Byte offset 9 from the beginning of the record contains it's type. Here is a
table of known types:
0x00 Form
0x01 User Table
0x02 Macro
0x03 System Table
0x04 Report
0x05 Query
0x06 Linked Table
0x07 Module
0x0b Unknown but used for two objects (AccessLayout and UserDefined)
Byte offset 31 from the begining of the record starts the object's name. I am
not presently aware of any field defining the length of the name, so the present
course of action has been to stop at the first non-printable character
(generally a 0x03 or 0x02)
After the name there is sometimes have (not yet determined why only sometimes)
a page pointer and offset to the KKD records (see below). There is also pointer to other catalog pages, but I'm not really sure how to parse those.
KKD Records
-----------
Table definitions look to be stored in 'KKD' records (my name for them...they
always start with 'KKD\0').

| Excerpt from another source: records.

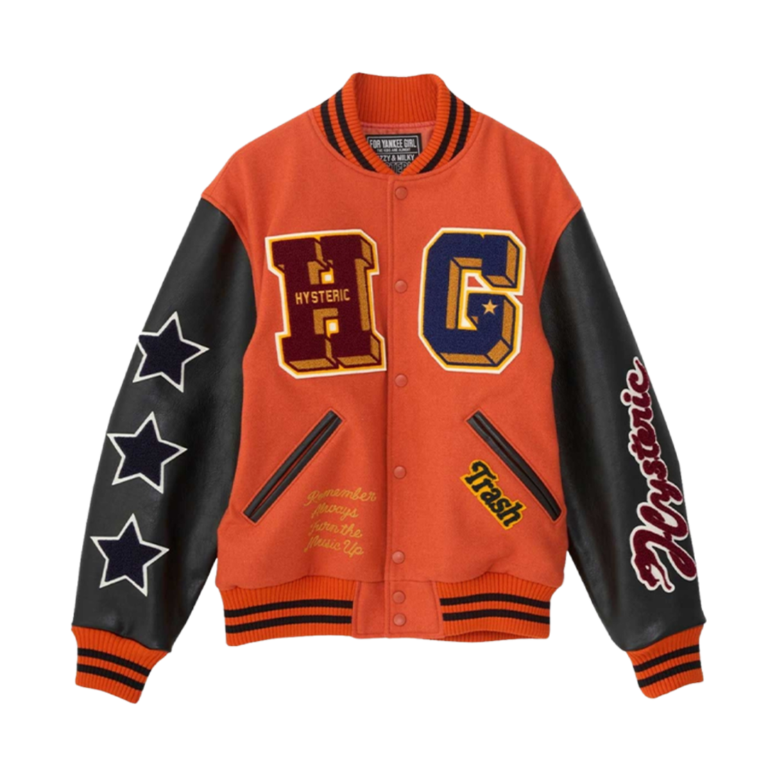 히스테릭 글래머 턴 더 뮤직 업 자수 스타디움 자켓 오렌지
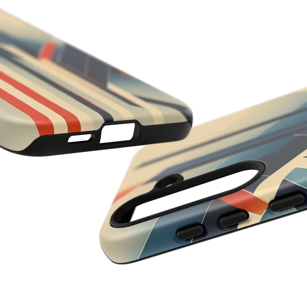 Dit telefoonhoesje is voorzien van een geometrisch abstract patroon met kruislings lopende lijnen en vormen in donkerblauw, oranje en beige tinten. De lijnen verschillen in dikte en zorgen voor een dynamisch, gelaagd effect, waarbij sommige delen zachte kleurverlopen en subtiele schaduwen laten zien. De lichte beige achtergrond zorgt voor een mooi contrast met de opvallende gekleurde lijnen. Het ontwerp is gedrukt op een mat hoesje met een stevige dual-layer structuur van polycarbonaat en TPU, wat optimale bescherming en duurzaamheid biedt.
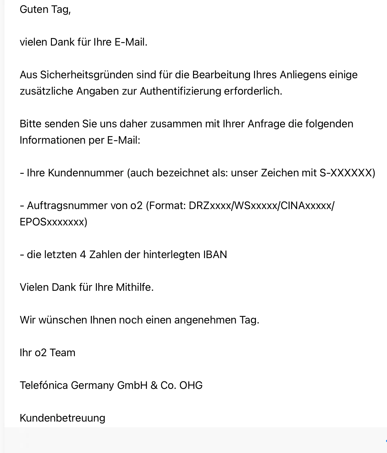 eine Kundennnummer(unser Zeichen) habe ich nicht, weil ich noch keinen Brief bisher bekommen habe. Hoffe meine Rückmeldung mit den restlichen Angaben genügen? Siehe Mail unten.
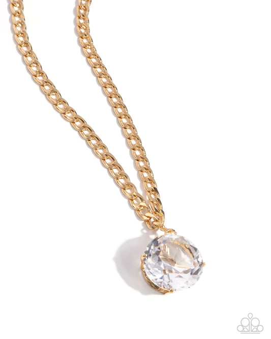Musings State of Mind - Gold Curb Chain & White Gem Necklace - Life of the Party Exclusive - Paparazzi Accessories
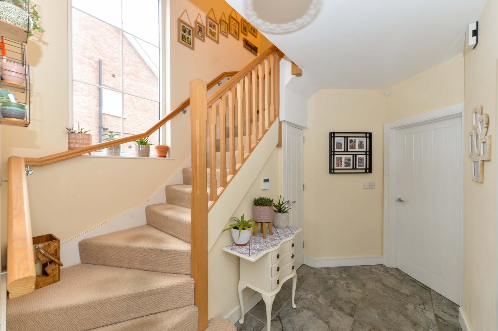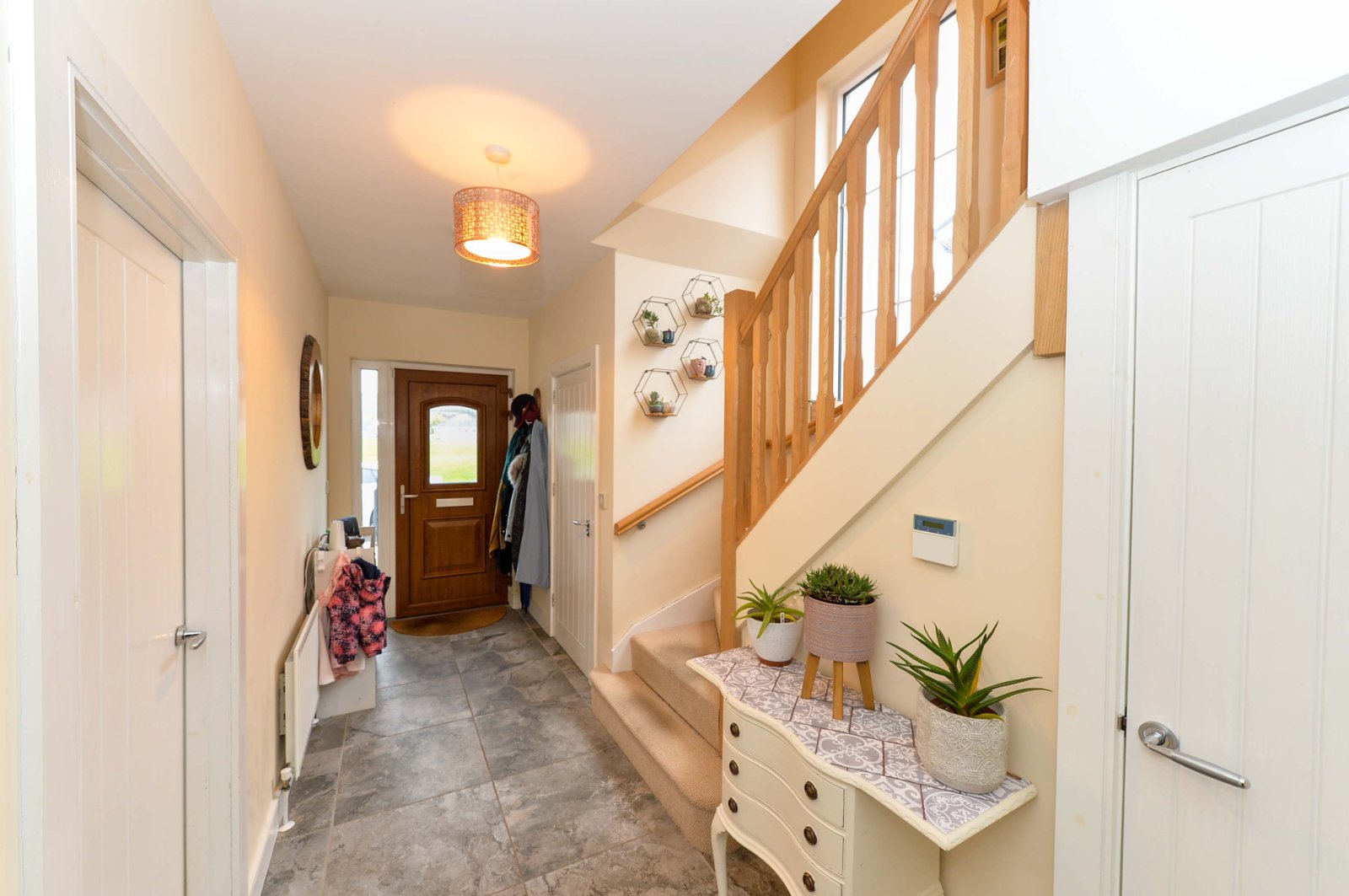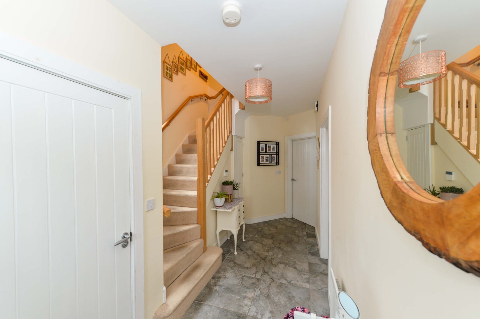 Front door with double glazed side panel to entrance hall, ceramic tiled floor, under stairs storage.
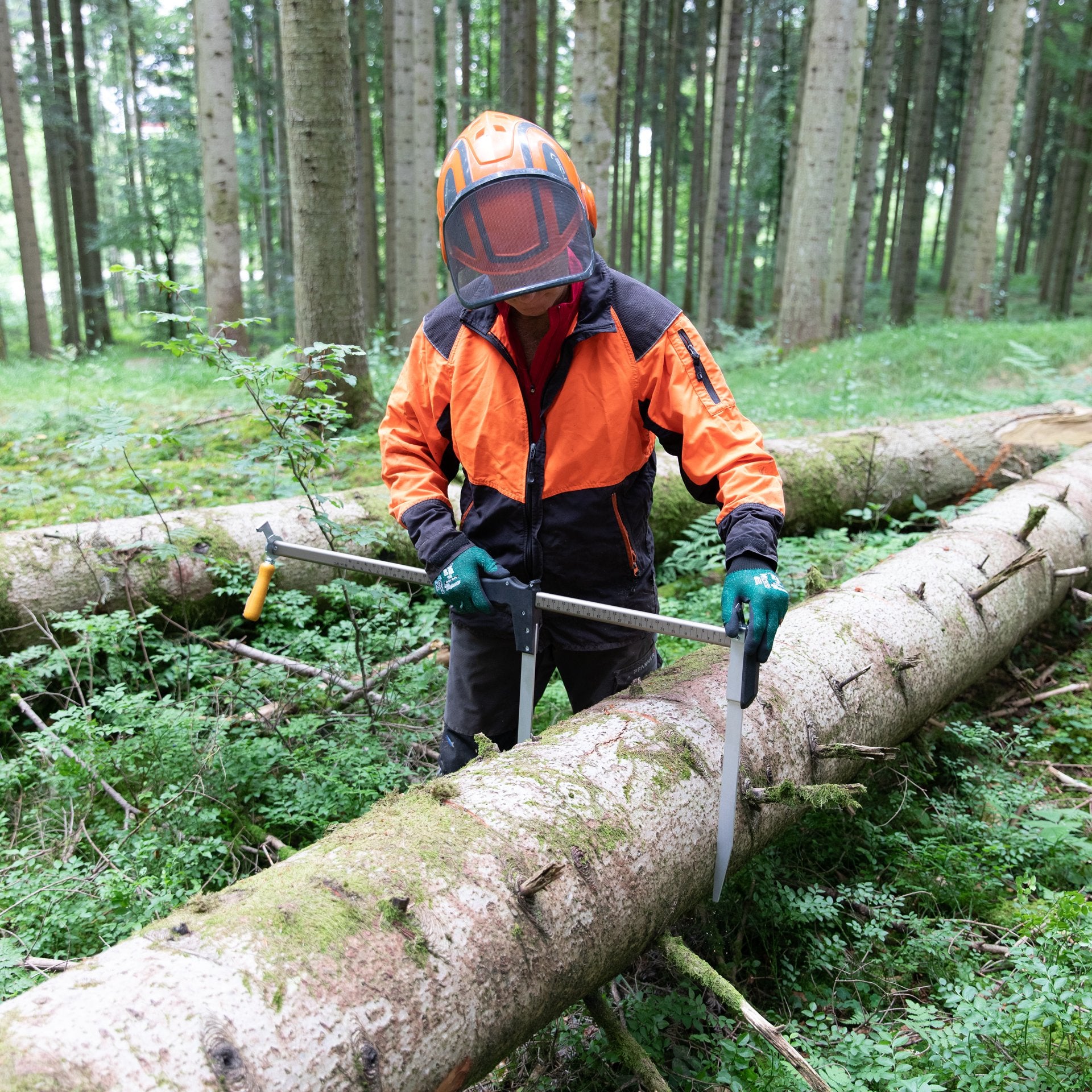 Mit der Abläng-Messkluppe Specht haben Sie gleich zwei überaus praktische Funktion in einer Kluppe vereint. Ablängen und Stammdurchmesser bestimmen. Durch die Anschläge mit beweglichem Holzreißer, ist die Kluppe perfekt für den Einsatz mit Hand- und Motorsägen geeignet. Die praktische und robuste Bauweise mit Ovalprofil, bei der der Messschieber ohne zu Verkanten über die Messschiene gleitet, beweist die hochwertige Beschichtung. Das besondere Druckverfahren in Lasergravur macht die Ziffern auch bei Dämmerung gut ablesbar und eine Eloxalschicht verhindert zuverlässig einen Abrieb. Gleichzeitig sorgt diese für eine leichte Reinigung von Harzen und Schmutz. Die Speziallegierung macht die Messkluppe äußerst biegefest, robust und widerstandsfähig. Als Standard und "geeicht" Version in zwei Längen erhältlich.

Again these reside on pages, packed to the end of
the page.
They look a little like this: (this needs work...see the kkd.c)
'K' 'K' 'D' 0x00
16 bit length value (this includes the length)
0x00 0x00
0x80 0x00 (0x80 seems to indicate a header)
Then one of more of: 16 bit length field and a value of that size.
For instance:
0x0d 0x00 and 'AccessVersion' (AccessVersion is 13 bytes, 0x0d 0x00 intel order)
Next comes one of more rows of data. (column names, descriptions, etc...)
16 bit length value (this includes the length)
0x00 0x00
0x00 0x00
16bit length field (this include the length itself)
4 bytes of unknown purpose
16 bit length field (non-inclusive)
value (07.53 for the AccessVersion example above)
See kkd.c for an examples, although it needs cleanup.
Futures
-------
Near term, I'd like to be able to pull the definitions for user tables out of
the MDB file and into a MySQL/Postgresql/Sybase/Oracle/DB2/etc... and then
populate the data across in one clean automated process.